Supplied material ->
....................

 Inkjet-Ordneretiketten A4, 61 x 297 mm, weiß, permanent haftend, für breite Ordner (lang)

....................

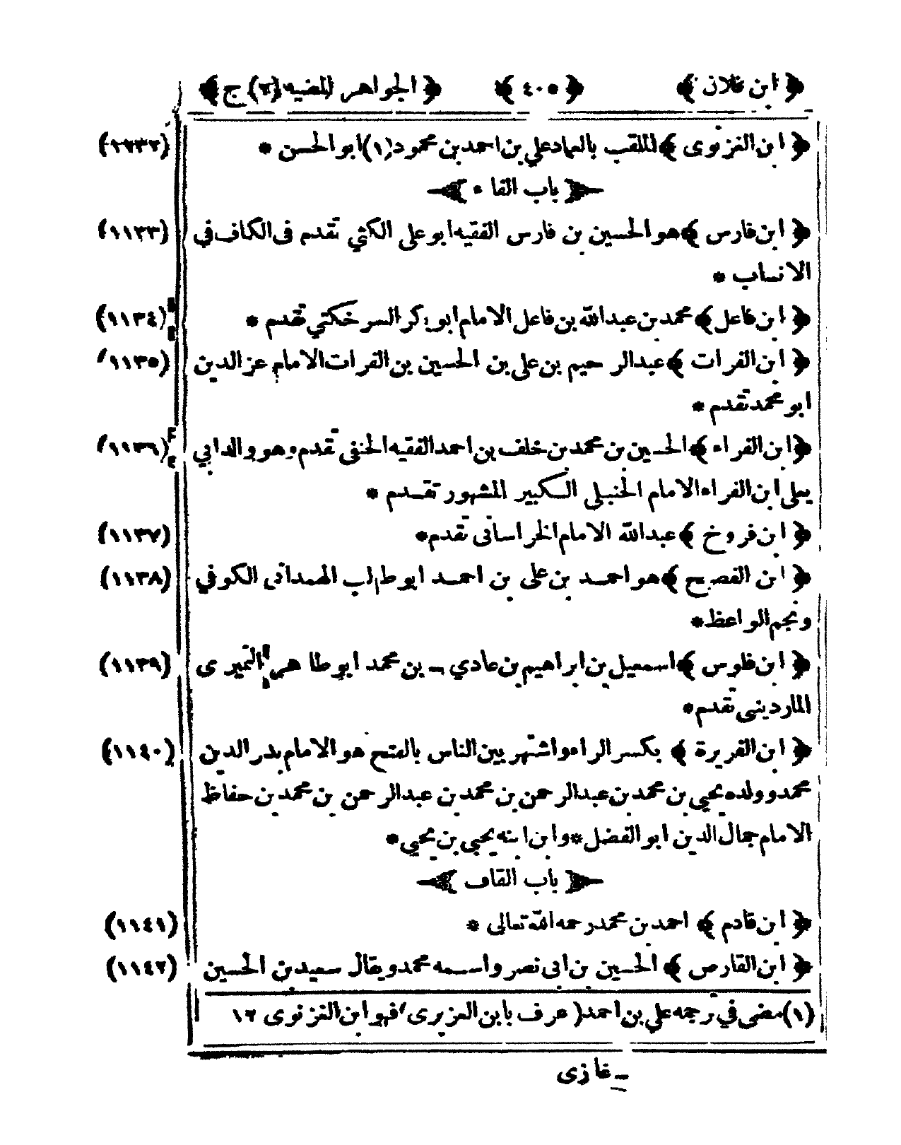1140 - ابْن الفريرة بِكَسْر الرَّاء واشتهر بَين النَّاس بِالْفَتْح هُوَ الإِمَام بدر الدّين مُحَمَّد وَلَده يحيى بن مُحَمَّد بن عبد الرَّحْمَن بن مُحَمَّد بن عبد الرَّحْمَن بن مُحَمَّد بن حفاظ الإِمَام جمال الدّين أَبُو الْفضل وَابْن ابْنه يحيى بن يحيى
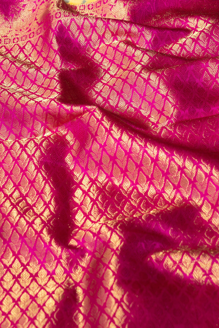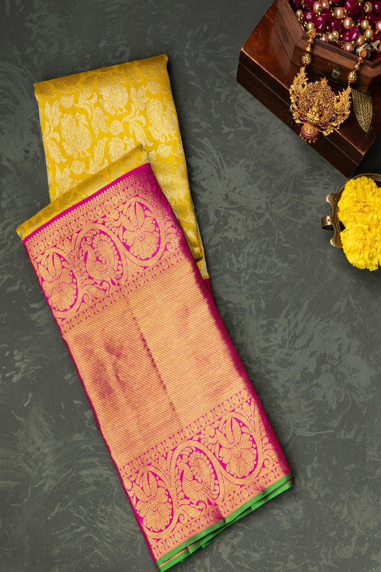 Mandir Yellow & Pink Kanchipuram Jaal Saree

....................

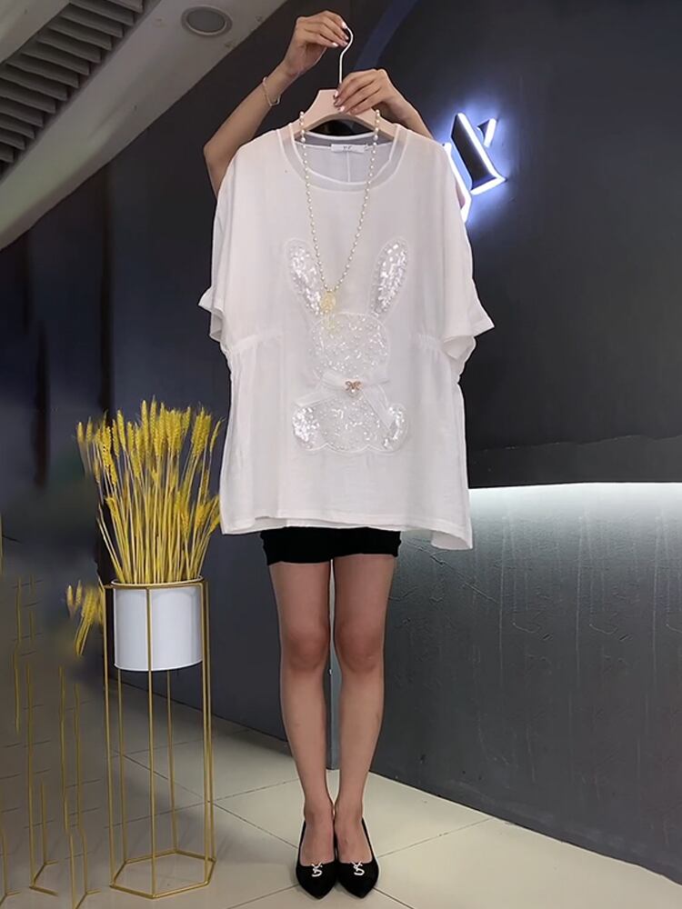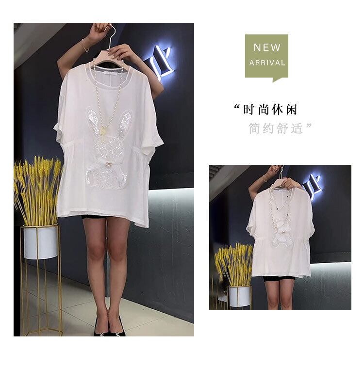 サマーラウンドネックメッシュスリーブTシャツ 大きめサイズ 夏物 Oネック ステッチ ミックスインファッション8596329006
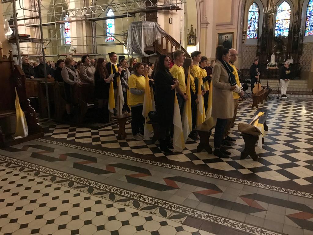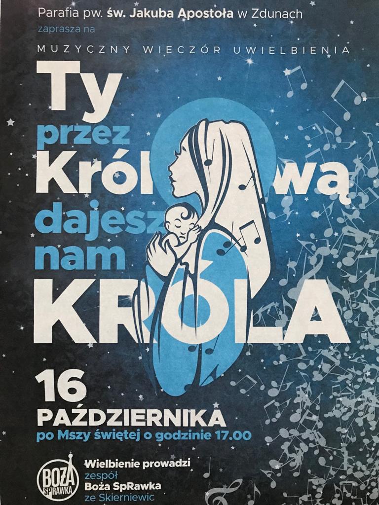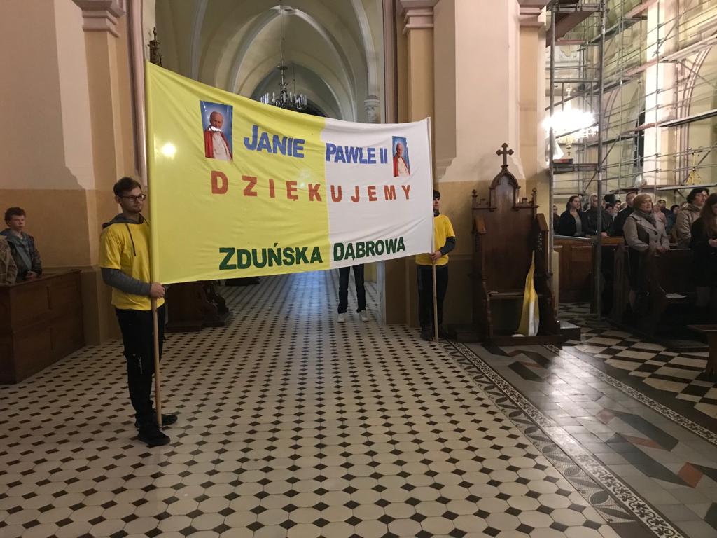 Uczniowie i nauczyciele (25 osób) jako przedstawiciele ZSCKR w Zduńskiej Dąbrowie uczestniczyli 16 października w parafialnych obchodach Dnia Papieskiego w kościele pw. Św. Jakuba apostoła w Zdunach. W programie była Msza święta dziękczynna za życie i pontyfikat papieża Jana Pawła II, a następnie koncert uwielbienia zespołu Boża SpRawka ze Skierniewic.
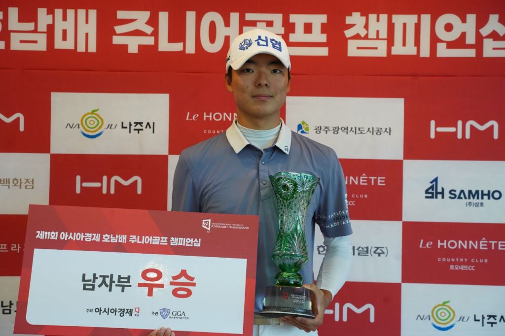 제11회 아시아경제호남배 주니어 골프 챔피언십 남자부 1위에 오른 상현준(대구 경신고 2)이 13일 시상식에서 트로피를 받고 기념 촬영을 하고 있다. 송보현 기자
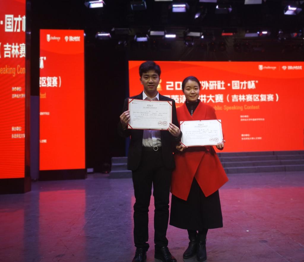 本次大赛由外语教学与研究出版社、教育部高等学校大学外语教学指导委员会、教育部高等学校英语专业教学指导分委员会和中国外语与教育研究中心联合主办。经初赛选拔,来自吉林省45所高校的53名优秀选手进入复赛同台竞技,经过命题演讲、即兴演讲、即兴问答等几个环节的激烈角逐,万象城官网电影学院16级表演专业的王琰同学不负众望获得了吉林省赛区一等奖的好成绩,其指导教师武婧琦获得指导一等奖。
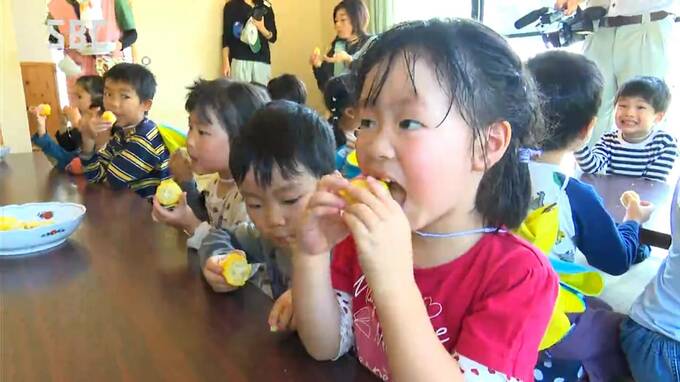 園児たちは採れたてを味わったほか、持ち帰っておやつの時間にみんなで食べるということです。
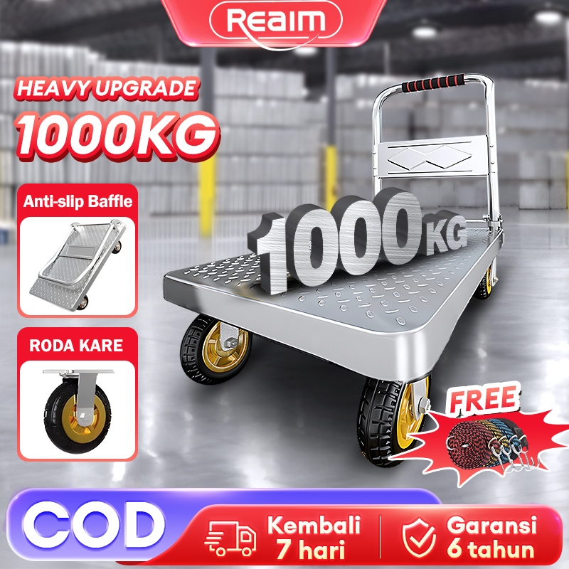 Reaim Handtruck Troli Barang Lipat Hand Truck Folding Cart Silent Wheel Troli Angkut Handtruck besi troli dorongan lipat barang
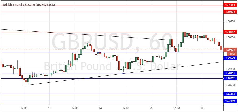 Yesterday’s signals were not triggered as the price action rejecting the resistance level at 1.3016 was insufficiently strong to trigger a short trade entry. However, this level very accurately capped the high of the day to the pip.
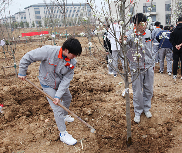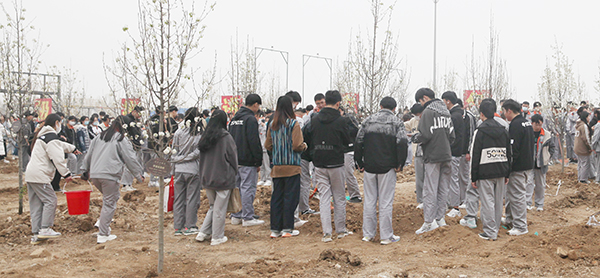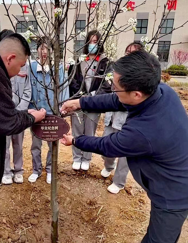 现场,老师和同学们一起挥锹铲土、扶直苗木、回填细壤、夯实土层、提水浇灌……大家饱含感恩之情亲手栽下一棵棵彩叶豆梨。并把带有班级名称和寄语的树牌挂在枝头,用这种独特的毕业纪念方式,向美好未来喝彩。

....................

Work order -> From the records above, copy only the lines running from the line containing "サマーラウンドネックメッシュスリーブTシャツ 大きめサイズ 夏物" to the line containing "本次大赛由外语教学与研究出版", both ends included. Leave the pictures out.

Task output ->
 サマーラウンドネックメッシュスリーブTシャツ 大きめサイズ 夏物 Oネック ステッチ ミックスインファッション8596329006
 Uczniowie i nauczyciele (25 osób) jako przedstawiciele ZSCKR w Zduńskiej Dąbrowie uczestniczyli 16 października w parafialnych obchodach Dnia Papieskiego w kościele pw. Św. Jakuba apostoła w Zdunach. W programie była Msza święta dziękczynna za życie i pontyfikat papieża Jana Pawła II, a następnie koncert uwielbienia zespołu Boża SpRawka ze Skierniewic.
 제11회 아시아경제호남배 주니어 골프 챔피언십 남자부 1위에 오른 상현준(대구 경신고 2)이 13일 시상식에서 트로피를 받고 기념 촬영을 하고 있다. 송보현 기자
 本次大赛由外语教学与研究出版社、教育部高等学校大学外语教学指导委员会、教育部高等学校英语专业教学指导分委员会和中国外语与教育研究中心联合主办。经初赛选拔,来自吉林省45所高校的53名优秀选手进入复赛同台竞技,经过命题演讲、即兴演讲、即兴问答等几个环节的激烈角逐,万象城官网电影学院16级表演专业的王琰同学不负众望获得了吉林省赛区一等奖的好成绩,其指导教师武婧琦获得指导一等奖。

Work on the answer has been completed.